- Born: 2 April 1789 Saint Andrews, New Brunswick
- Died: October 8, 1841 (aged 52)
- Occupation: Royal Navy lieutenant

= Hugh Colvill Goldsmith =

British Royal Navy lieutenant

Hugh Colvill Goldsmith (2 April 1789 – 8 October 1841) was a British Royal Navy lieutenant.

==Biography==
Goldsmith son of Henry, son of the eldest brother of Oliver Goldsmith the author. A brother, Charles Goldsmith, was a commander in the navy (1795–1854). Hugh was born at St. Andrews, New Brunswick, on 2 April 1789, and having served his time as a midshipman in the navy was promoted to the rank of lieutenant on 27 January 1809. After the peace he seems to have been employed chiefly in the preventive service, and in 1824 commanded the Nimble revenue cutter on the coast of Cornwall. On 8 April, landing near the headland called Trereen Castle in search of some smuggled goods, he went up to look at the Logan Rock, a rocking stone which weighs about eighty tons; and being told that ‘it was not in the power of man to remove it,’ he took it into his head to try. Accordingly, when his boat had finished dragging for the suspected goods, he called his men up and tried to move the stone with three handspikes. These were of no avail; they were therefore laid aside, and the nine men, taking hold of the rock by the edge, without great difficulty set it in a rocking motion, which became so great that to try to stop it seemed dangerous, lest it should fall back on the men. So it presently rocked itself off its pivot, falling away about thirty-nine inches, and lying inclined on the adjacent rocks. According to Goldsmith's positive statement, in a letter to his mother written a few days afterwards (Household Words, 1852, vi. 234), he had no intention or thought of doing mischief. He did not know of the value placed on the rock by the neighbourhood, and was thunderstruck when he found the uproar that his deed occasioned. As soon, however, as he realised the way in which his exploit was regarded, he determined to do what he could to replace the stone. The admiralty lent him tackles, sheers, capstans, and men.
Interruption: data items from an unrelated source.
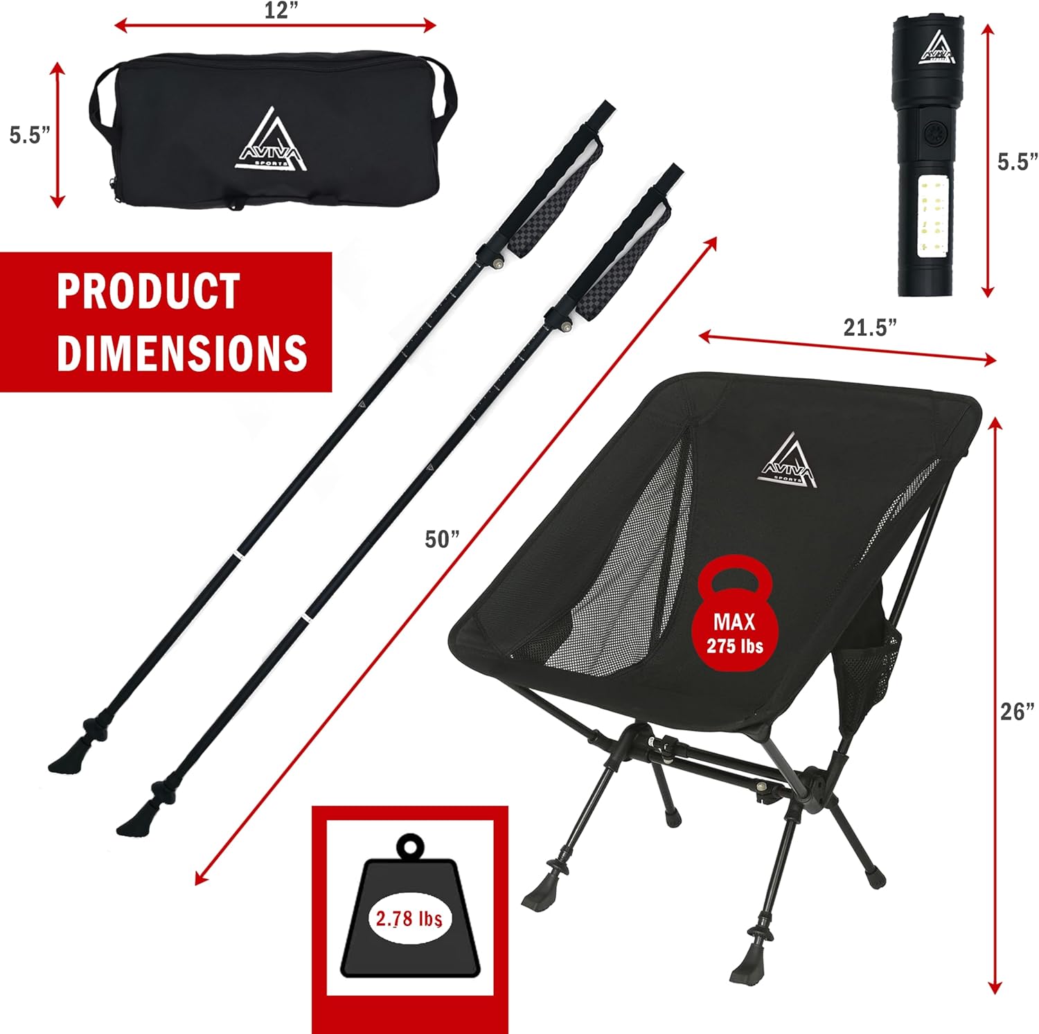 π₯Ύ 3-in-1 Camping Chair, Trekking Poles & Mounted Flashlight β All-in-One Backpacking Kit Small & Weighs Only 3 lbs β Lightweight Aluminum Hiking Poles – Chair & High Lumen LED Light β Review, Key Features & Current Price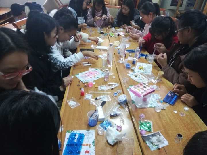 社团招新活动已经结束了一段时间,工美协会与花卉协会出于丰富成员活动和加深彼此间凝聚力的目的携手创办了此次活动。活动正式开始前,活动负责人统计了报名参与同学的手机壳型号并在网上批量购置透明手机壳,还准备了各类材料包、滴胶、色膏等必备材料,以供同学们能够多样化手工DIY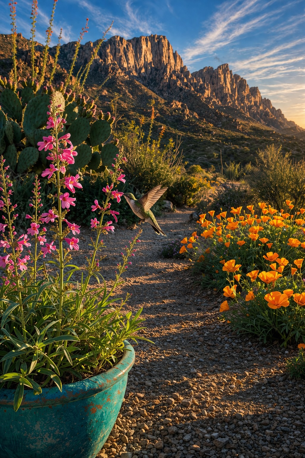 First Light on the Ridge captures that precise moment in a Sonoran Desert garden along the foothills of Oro Valley, Arizona. A weathered turquoise pot anchors the lower left, its penstemon stalks extending upward in vivid magenta. A hummingbird hangs in the warm air, wings carrying the first pulse of morning. To the right, a sweep of Mexican gold poppies holds the sunlight like small lanterns. And beyond it all, rising from the desert floor with unmistakable authority, the vertical cliff faces of Pusch Ridge glow copper and gold against a deepening blue sky.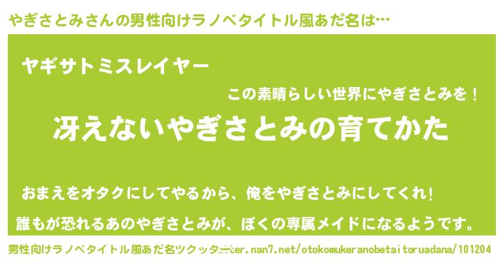 | ヘコむあだ名 | 『やぎさとみ(笑)』『やぎぷりん』 |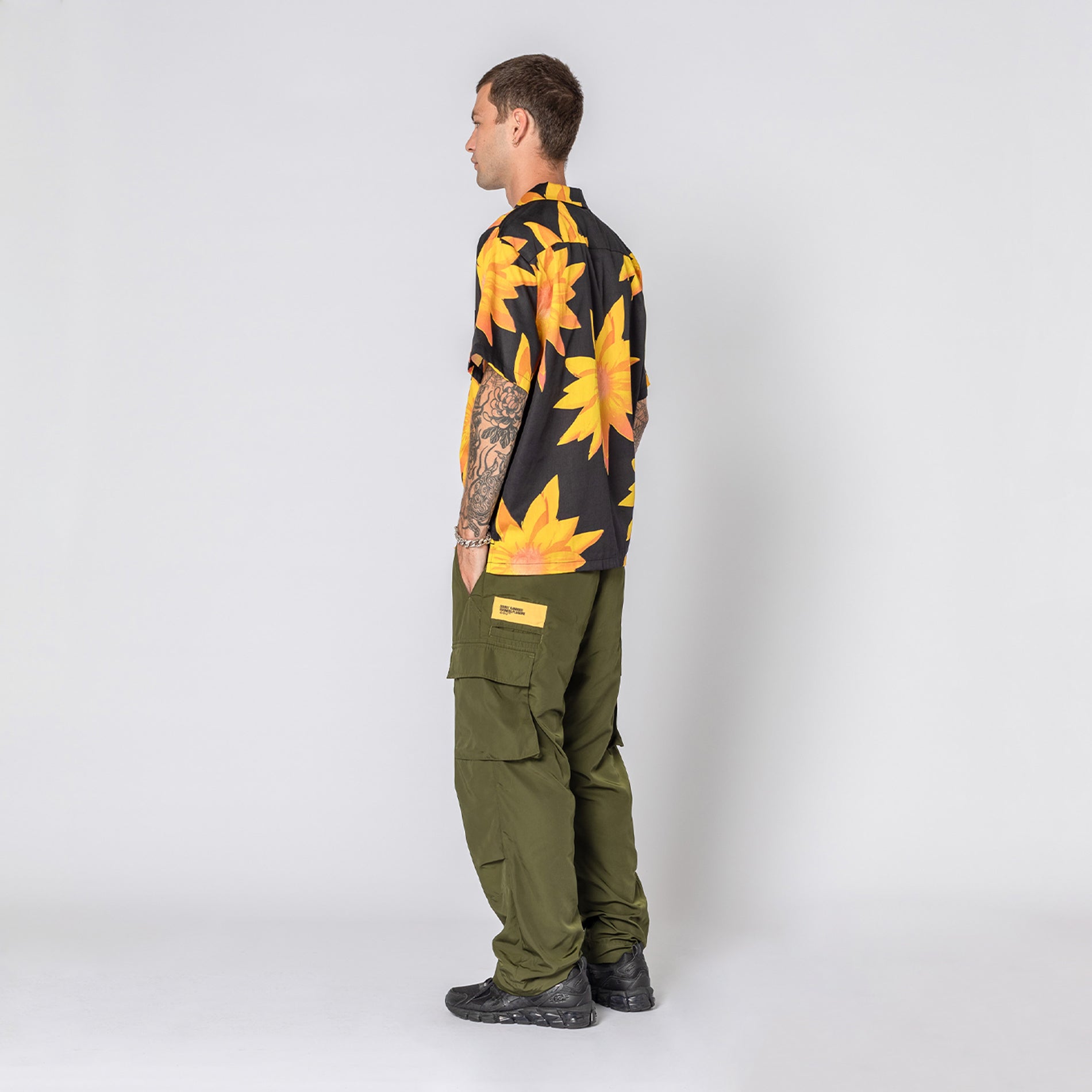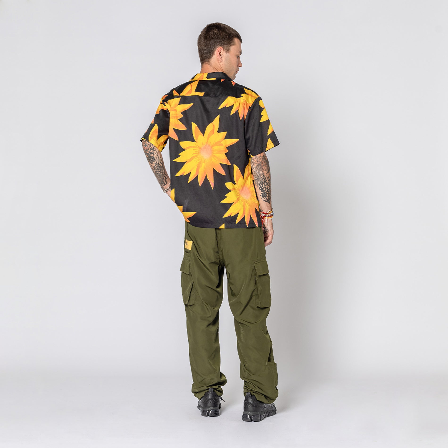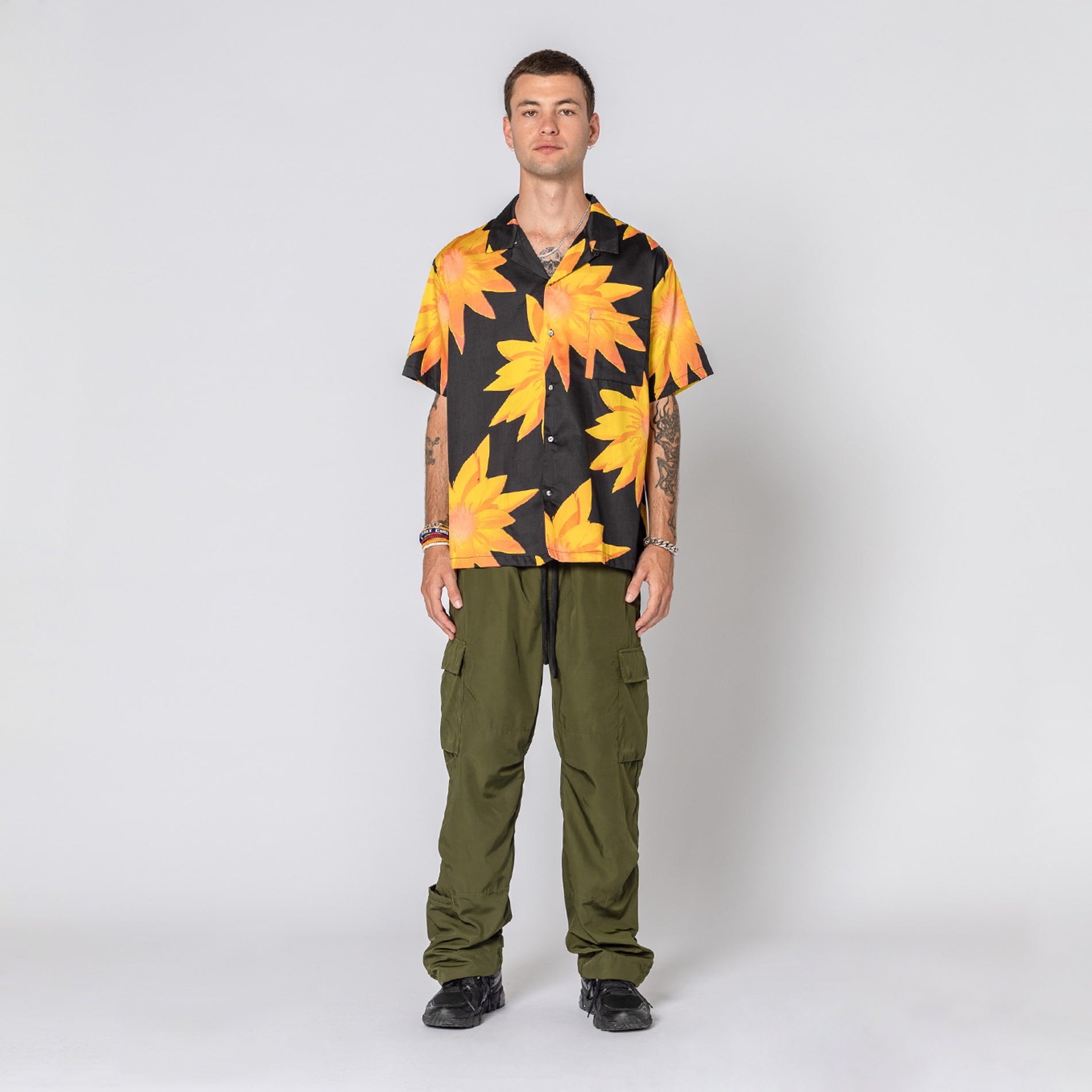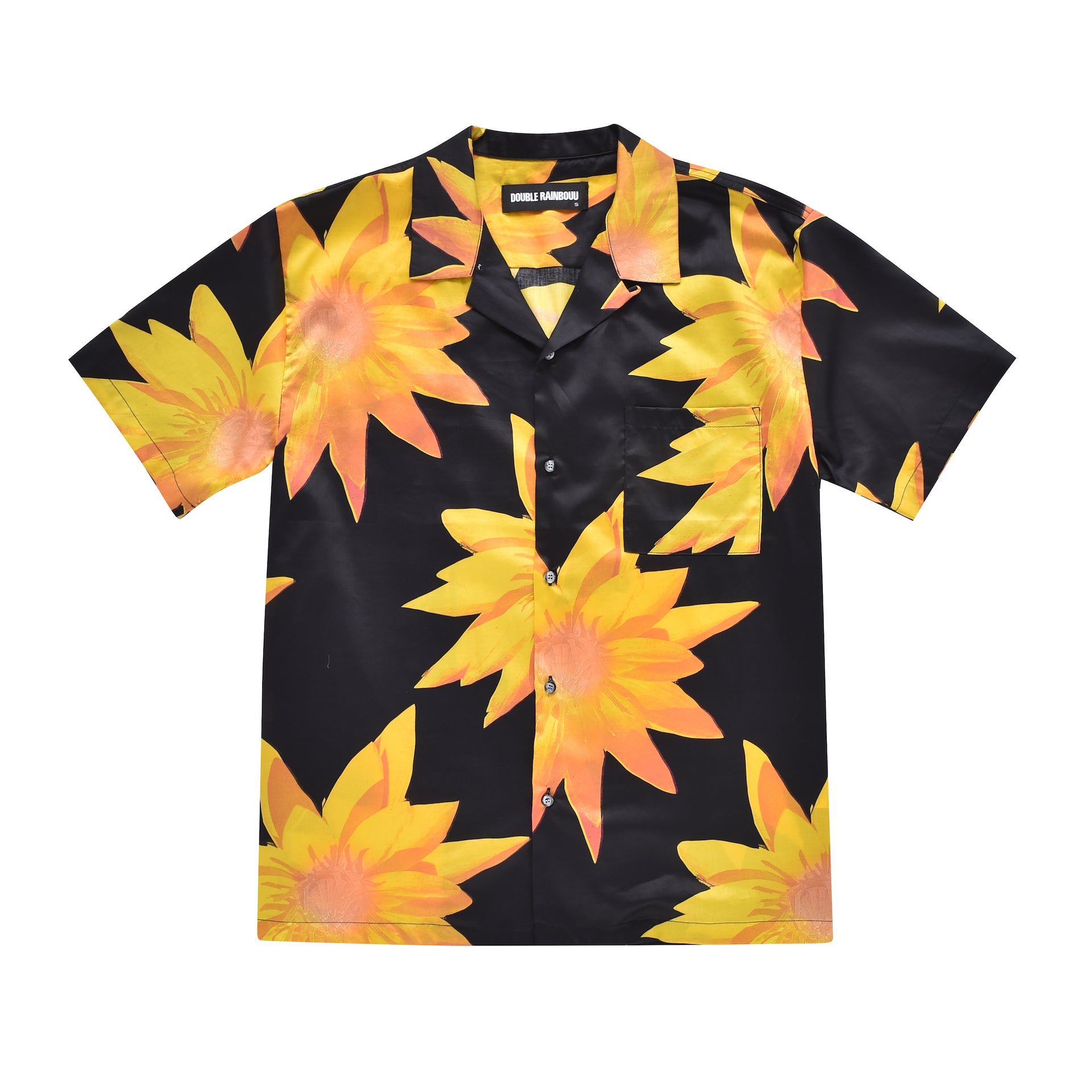 Unisex Hawaiian shirt. Boxy fit, short sleeve shirt with a button up closure and camp collar. Made from 100% cotton in an original Double Rainbouu digital print.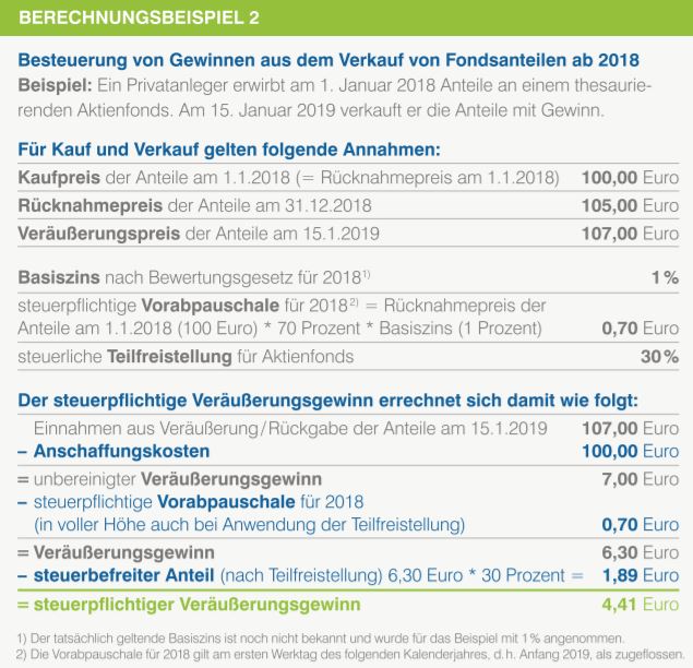 (Beispiel: Basisertrag 5 – Ausschüttung 0 = Vorabpauschale 5). Die Vorabpauschale gilt am ersten Werktag des Folgejahres als steuerlich zugeflossen.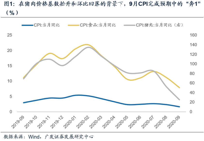 在猪肉价格基数抬升和环比回落的背景下,9月CPI完成预期中的“奔1”。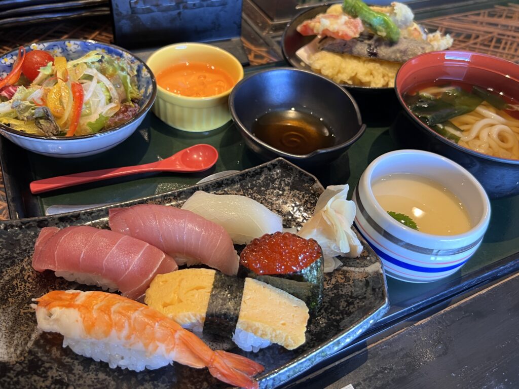 お寿司6貫に、サラダ・天ぷら・茶碗蒸し・うどん・デザートまでついて税込1460円♪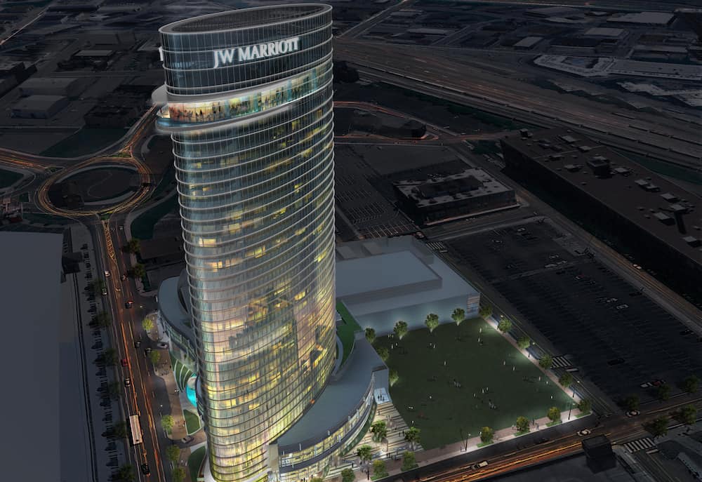 Scheduled to open next summer, the 533-room property celebrated its topping-out milestone earlier this month, as construction reached its final height. Perhaps most significant—at least from the exterior—is the hotel’s elliptical shape and all-glass facade, designed to capture the creative spirit of the city, while also conveying a sense of luxury known representative of the JW Marriott brand.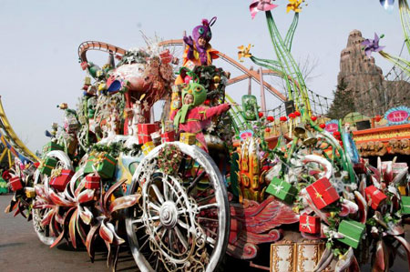 次此歡樂節(jié),在北京歡樂谷入口處及歡樂舞臺(tái)上,盛大的迎賓表演拉開帷幕,主要的表演活動(dòng)有:卡通音樂劇《歡樂迎財(cái)神》福、祿、壽、喜、財(cái)五神鬧春別開生面;全年經(jīng)典歌舞大薈萃的歡樂什錦秀表演;活體雕塑表演;炫彩夜光彩車送賓活動(dòng)。歡樂谷的巡游活動(dòng)可謂是獨(dú)具特色,“年俗百藝歡樂節(jié)”期間,大型的巡游活動(dòng)將歡樂和祝福送到每一位游客身邊。主要的巡游陣容有:百丑鬧春方陣、傳統(tǒng)社火方陣、冰雪童話方陣、神秘魔幻方陣、時(shí)尚鼓樂方陣、蟲蟲狂歡方陣,屆時(shí)用最絢麗的色彩、最隆重的氛圍、最龐大的陣容,讓快樂在此刻永遠(yuǎn)定格。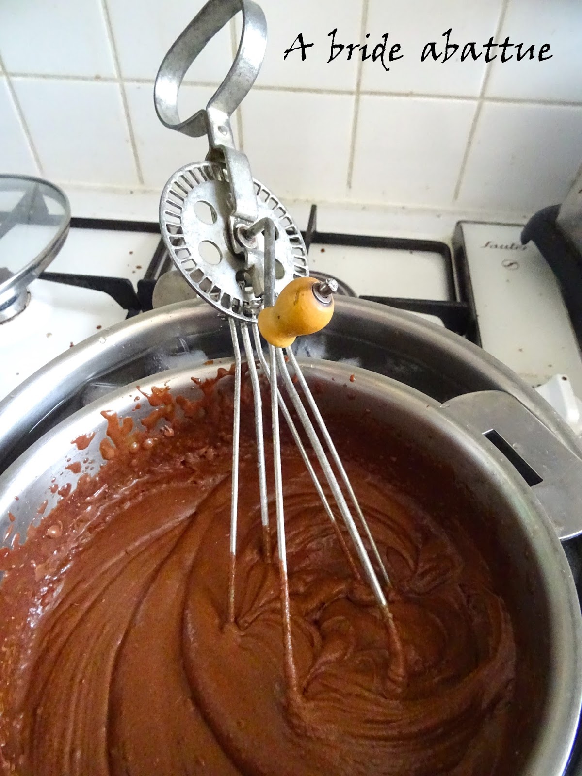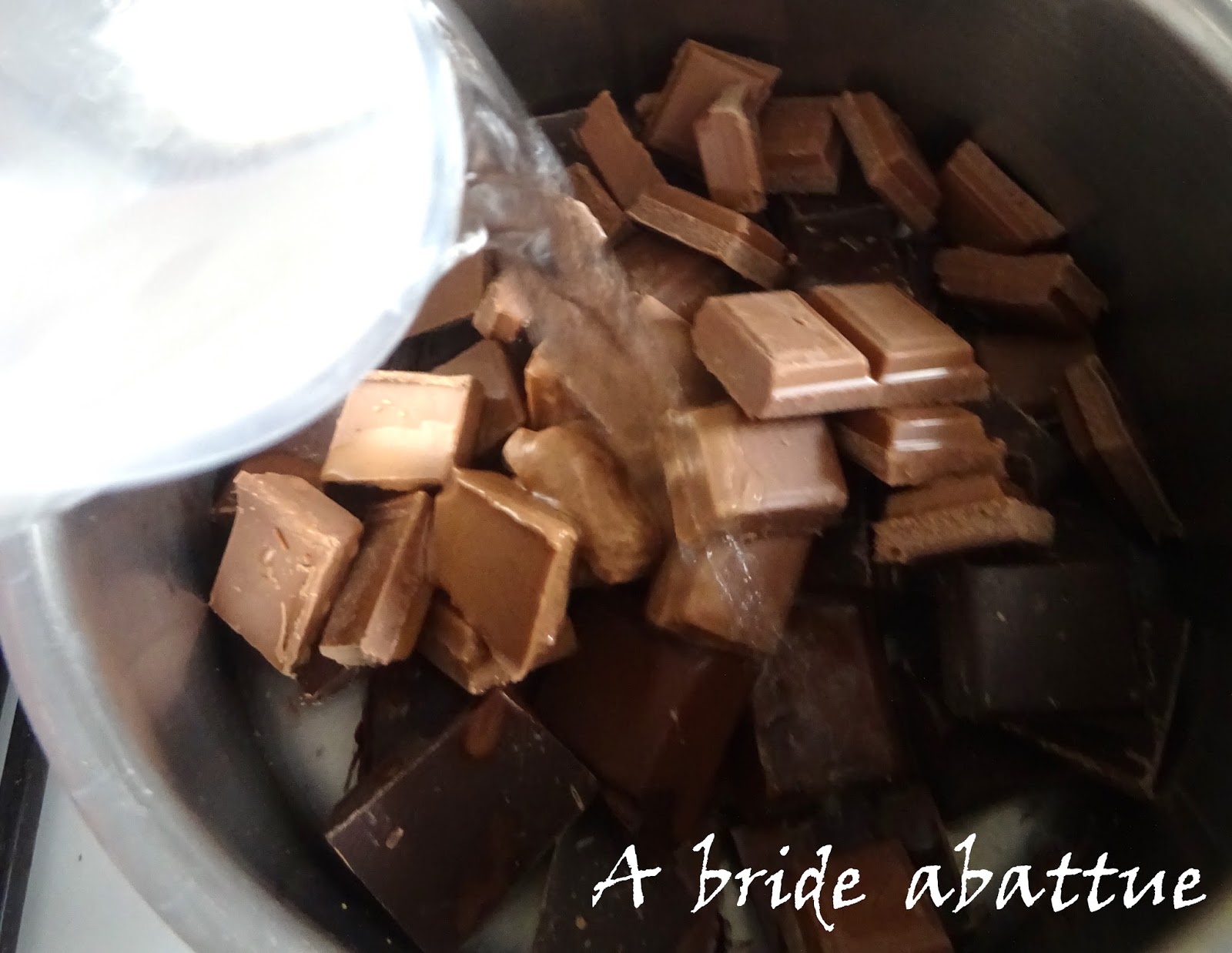 Pour une tablette de 250 grammes de chocolat noir on prendra 20 cl d'eau filtrée, ou d'un autre liquide de type thé ou infusion, ou même du jus d'orange, ce qui donnera un goût particulier au dessert. J'ai employé 200 grammes de chocolat d'une marque distributeur ainsi que 170 grammes de Nestlé Dessert praliné parce que je voulais un résultat doux et gourmand (j'ai donc ajouté 30 cl d'eau filtrée).

The work began on 29 October, and on Tuesday, 2 Nov., the stone was again in its place, rocking as before, though whether better or worse is disputed. Lithographed views of the process of replacing the stone were published at Penzance in 1824. Many common statements about the matter are authoritatively denied. Goldsmith was never promoted, and as lieutenant commanding the Megæra died at sea off St. Thomas in the West Indies on 8 October 1841.